8 Responses to “Living in the time of pandemic: COVID-19 (151)”

  1. Alice says:

    Good luck!

    We don’t own magnetiles, though there was a period when I considered getting them. My kid LOVED them at the library, where they had two enormous bins-worth. I ended up deciding to let them be a library-only thing– expense + cleanup.

    Re: the clothing thing: I have a couple of thoughts. First is that they’ve really cherry-picked their examples of who the “rich” are. Four white men, three of whom I know for sure are tech-wealth. (I don’t recognize the 4th guy.) I can guarantee you that less-white, less-male, less-tech have different norms.

    Second is that the way those particular tech-wealth men dress still has appearance-signaling built in. It’s just different appearance-signaling, which is apparently too subtle for that particular twitter poster.

    • Revanche says:

      Thanks!

      JB loved them at daycare too, so much so that we couldn’t say no when they were gifted. I’m glad because Smol is enjoying them so much too.

      Yep, I agree with all that! People jump to conclusions so much when it comes to wealth and appearances.

  2. 'Snough says:

    G’luck!

    Also, for me, this helped Re:Unpleasant People . . . when I realized that their *normal* mode of conversation is unpleasant, so that them getting all testy and angry wasn’t about me. Like, if I were that confrontational or adamant, I’d remember it for days/weeks, but for them, it’s just another conversation — the way they roll. So in the moment, I could better divorce my own emotional reaction from theirs, in a way I don’t with Pleasant People.

    No idea if this applies in your situation; it’s just memory bubbles floating to the surface.

    • Revanche says:

      This got caught and held by an overzealous spam filter!
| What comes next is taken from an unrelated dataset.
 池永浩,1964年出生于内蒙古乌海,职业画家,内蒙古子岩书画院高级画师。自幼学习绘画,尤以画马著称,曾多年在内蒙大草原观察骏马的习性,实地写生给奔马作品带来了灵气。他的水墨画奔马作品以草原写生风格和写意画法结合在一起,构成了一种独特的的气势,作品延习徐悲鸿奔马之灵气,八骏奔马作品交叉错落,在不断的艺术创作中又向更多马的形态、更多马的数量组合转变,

      That’s a helpful tool to put in my pocket, thanks for sharing.

  3. Bethh says:

    Good luck!!!! I hope you feel relief when your time with the troublesome people is over.

    Alice said everything I wanted to say about those tech bros. That look is deliberately cultivated and intentionally says a lot.

    • Revanche says:

      Thank you!!

      I’m doing that thing of focusing on how wonderful it’ll feel when it’s over again to help me get through. I think it, plus some guided meditation each day, will make a big difference.